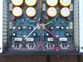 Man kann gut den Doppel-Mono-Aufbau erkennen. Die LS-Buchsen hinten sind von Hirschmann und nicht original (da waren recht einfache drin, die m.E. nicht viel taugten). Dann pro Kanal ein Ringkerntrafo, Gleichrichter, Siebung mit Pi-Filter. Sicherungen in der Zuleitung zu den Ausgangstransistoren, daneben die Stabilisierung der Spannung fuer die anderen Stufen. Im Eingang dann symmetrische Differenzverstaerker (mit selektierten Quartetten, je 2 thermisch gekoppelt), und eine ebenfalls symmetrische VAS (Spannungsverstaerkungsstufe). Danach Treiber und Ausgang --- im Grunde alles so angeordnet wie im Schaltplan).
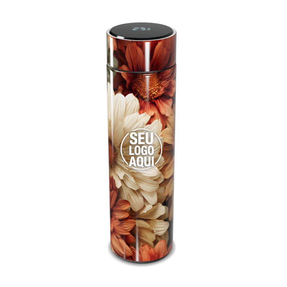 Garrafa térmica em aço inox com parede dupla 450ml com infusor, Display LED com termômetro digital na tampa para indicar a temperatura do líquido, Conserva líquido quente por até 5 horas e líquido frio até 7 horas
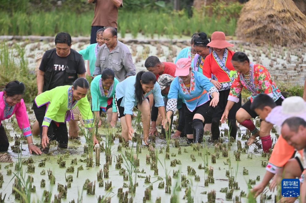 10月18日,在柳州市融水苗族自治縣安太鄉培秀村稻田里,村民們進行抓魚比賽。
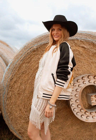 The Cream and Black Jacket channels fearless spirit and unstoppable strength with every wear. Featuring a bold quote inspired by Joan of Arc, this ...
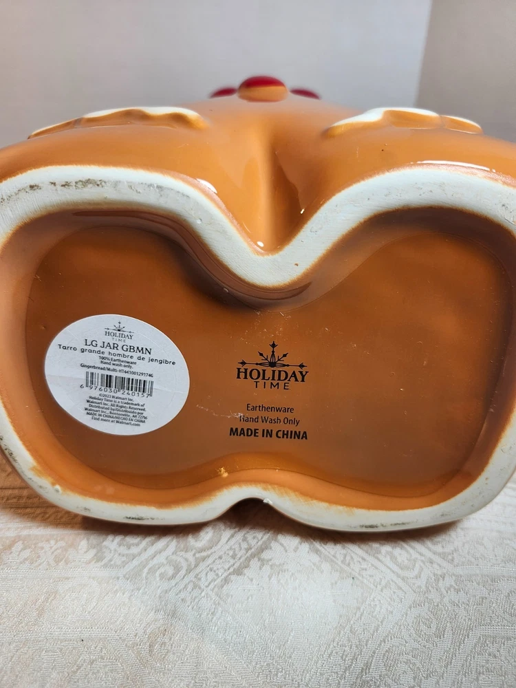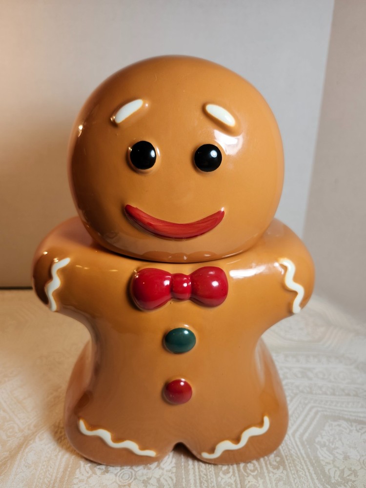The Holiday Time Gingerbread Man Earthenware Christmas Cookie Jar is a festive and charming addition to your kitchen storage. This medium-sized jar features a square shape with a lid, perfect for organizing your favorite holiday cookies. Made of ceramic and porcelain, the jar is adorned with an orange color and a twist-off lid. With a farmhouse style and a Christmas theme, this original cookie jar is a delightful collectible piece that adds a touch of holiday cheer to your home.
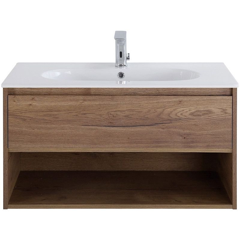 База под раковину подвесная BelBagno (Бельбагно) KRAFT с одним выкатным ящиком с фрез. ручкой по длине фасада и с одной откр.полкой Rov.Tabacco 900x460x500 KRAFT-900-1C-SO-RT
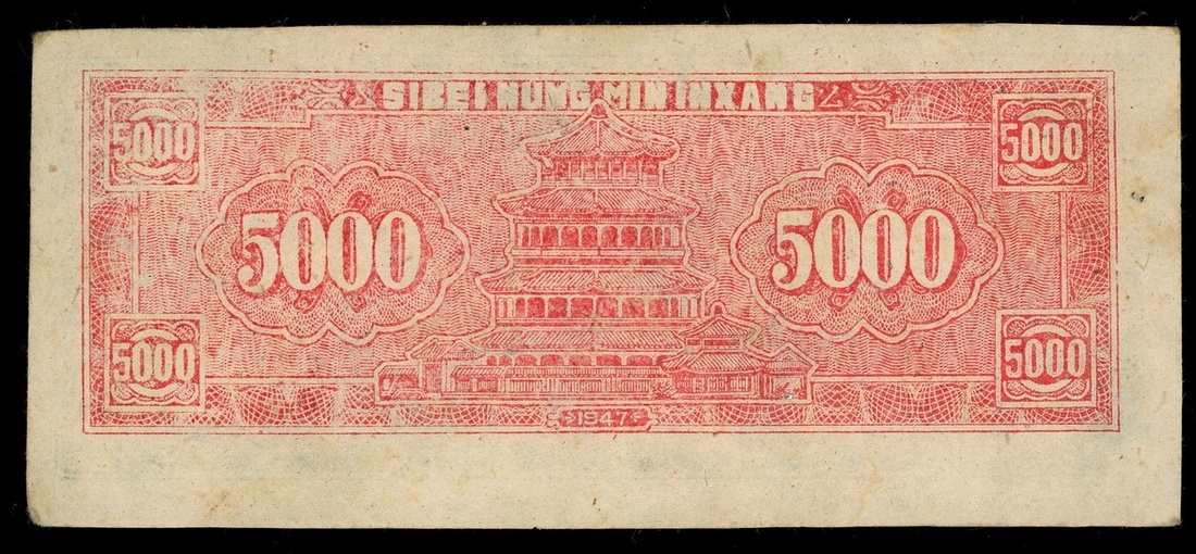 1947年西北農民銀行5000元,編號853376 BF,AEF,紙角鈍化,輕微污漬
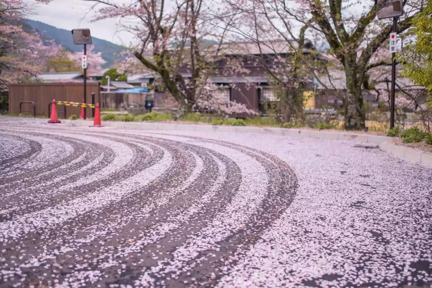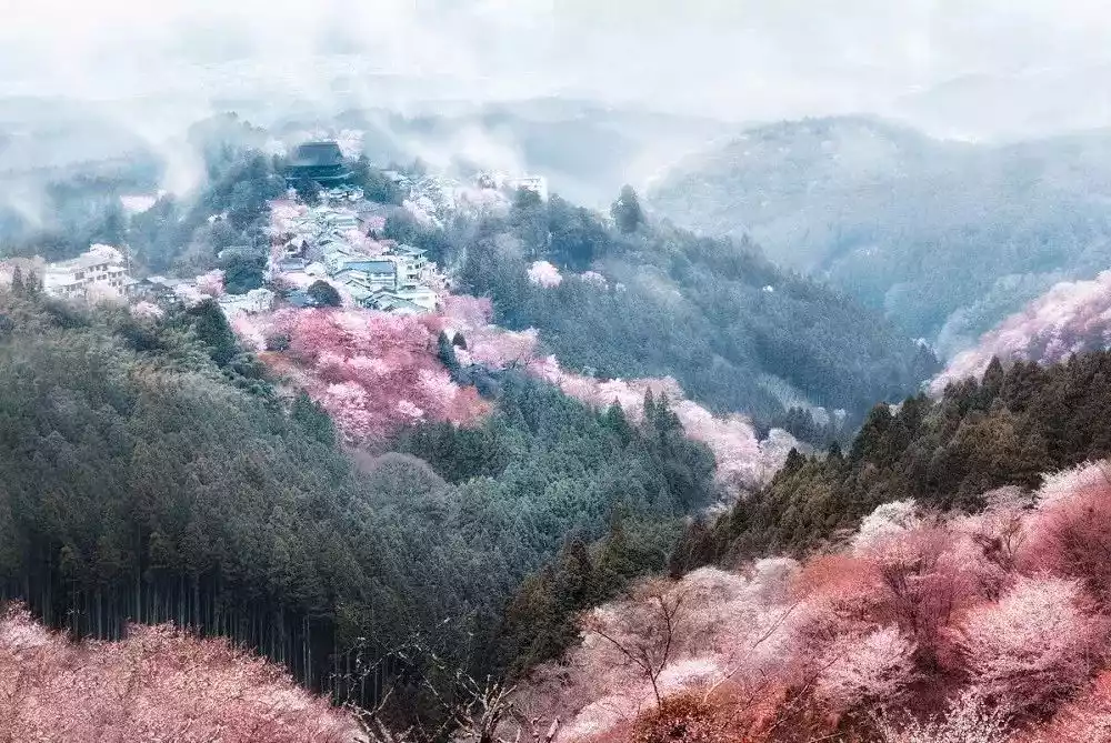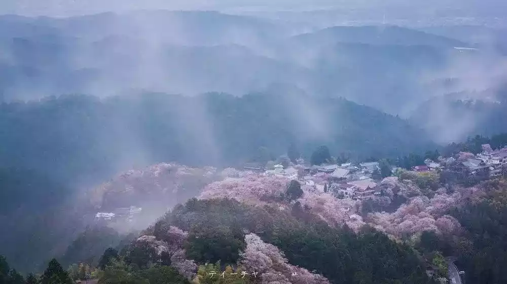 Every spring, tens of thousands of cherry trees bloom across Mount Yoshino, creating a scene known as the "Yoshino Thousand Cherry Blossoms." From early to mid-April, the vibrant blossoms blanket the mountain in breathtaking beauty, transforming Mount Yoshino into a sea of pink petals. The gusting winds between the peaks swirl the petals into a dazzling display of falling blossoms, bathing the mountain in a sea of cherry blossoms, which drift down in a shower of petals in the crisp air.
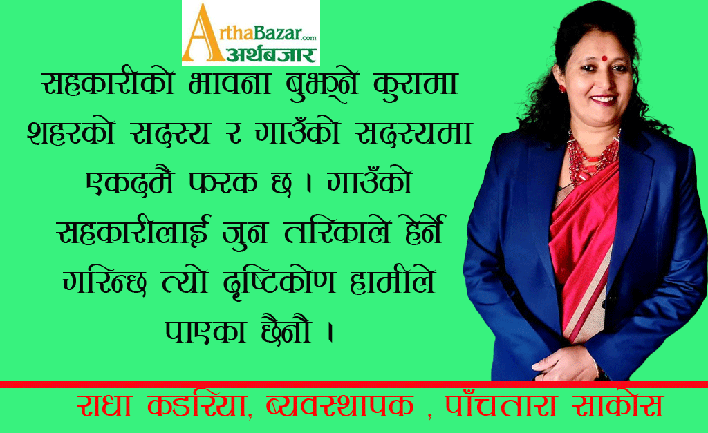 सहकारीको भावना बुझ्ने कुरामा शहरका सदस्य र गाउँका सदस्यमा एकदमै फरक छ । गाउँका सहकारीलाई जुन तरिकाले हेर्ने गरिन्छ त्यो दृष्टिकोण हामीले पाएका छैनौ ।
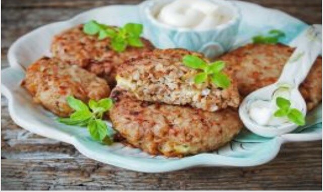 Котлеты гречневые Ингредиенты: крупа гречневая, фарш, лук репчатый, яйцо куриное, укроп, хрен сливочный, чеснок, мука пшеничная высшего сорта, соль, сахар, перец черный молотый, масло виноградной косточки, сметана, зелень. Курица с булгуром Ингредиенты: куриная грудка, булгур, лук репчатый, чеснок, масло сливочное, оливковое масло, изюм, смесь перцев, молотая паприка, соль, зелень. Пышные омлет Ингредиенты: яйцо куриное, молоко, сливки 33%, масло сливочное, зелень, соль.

* * *

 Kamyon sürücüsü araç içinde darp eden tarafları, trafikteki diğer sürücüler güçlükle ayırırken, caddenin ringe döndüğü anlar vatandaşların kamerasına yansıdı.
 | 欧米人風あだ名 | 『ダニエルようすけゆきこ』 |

---

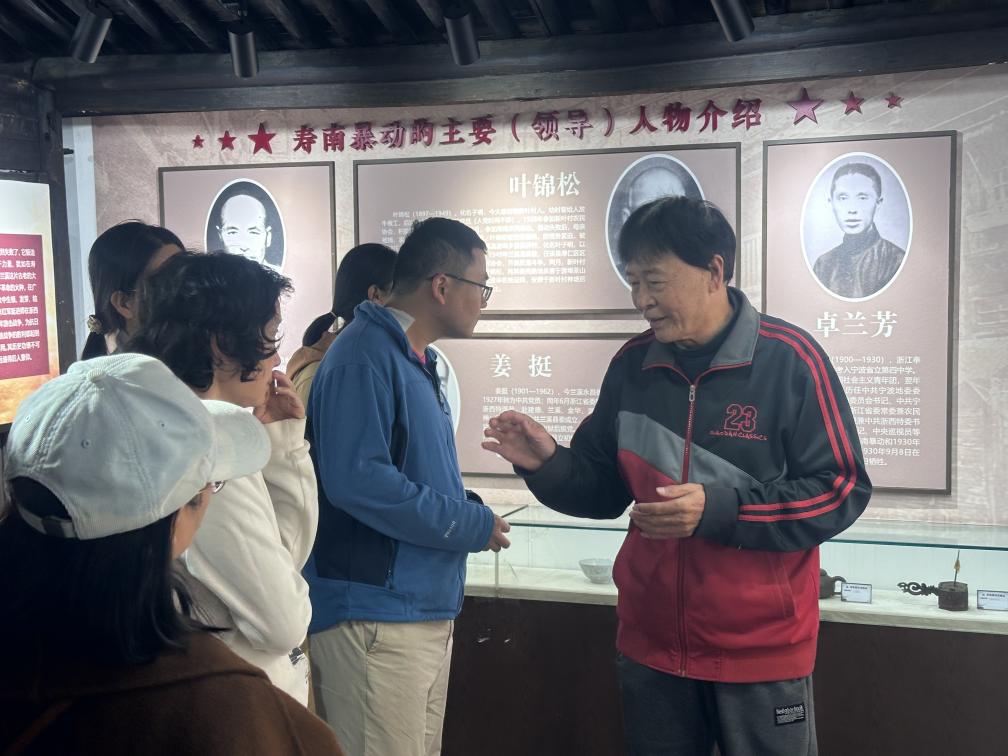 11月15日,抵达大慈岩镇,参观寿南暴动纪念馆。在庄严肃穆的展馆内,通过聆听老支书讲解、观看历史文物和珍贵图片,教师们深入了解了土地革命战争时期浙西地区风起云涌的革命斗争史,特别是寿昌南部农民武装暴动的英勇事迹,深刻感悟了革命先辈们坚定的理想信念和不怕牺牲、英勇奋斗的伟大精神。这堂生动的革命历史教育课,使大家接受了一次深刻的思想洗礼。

Task description> Extract, without any images, the part of the material above that opens with the line containing "10月18日,在柳州市融水苗族自治縣安太鄉培秀村稻田里,村民們進行抓魚比賽。" and closes with the line containing "1947年西北農民銀行500", both lines included.

Problem solution>
 10月18日,在柳州市融水苗族自治縣安太鄉培秀村稻田里,村民們進行抓魚比賽。
 The Cream and Black Jacket channels fearless spirit and unstoppable strength with every wear. Featuring a bold quote inspired by Joan of Arc, this ...
The Holiday Time Gingerbread Man Earthenware Christmas Cookie Jar is a festive and charming addition to your kitchen storage. This medium-sized jar features a square shape with a lid, perfect for organizing your favorite holiday cookies. Made of ceramic and porcelain, the jar is adorned with an orange color and a twist-off lid. With a farmhouse style and a Christmas theme, this original cookie jar is a delightful collectible piece that adds a touch of holiday cheer to your home.
 База под раковину подвесная BelBagno (Бельбагно) KRAFT с одним выкатным ящиком с фрез. ручкой по длине фасада и с одной откр.полкой Rov.Tabacco 900x460x500 KRAFT-900-1C-SO-RT
 1947年西北農民銀行5000元,編號853376 BF,AEF,紙角鈍化,輕微污漬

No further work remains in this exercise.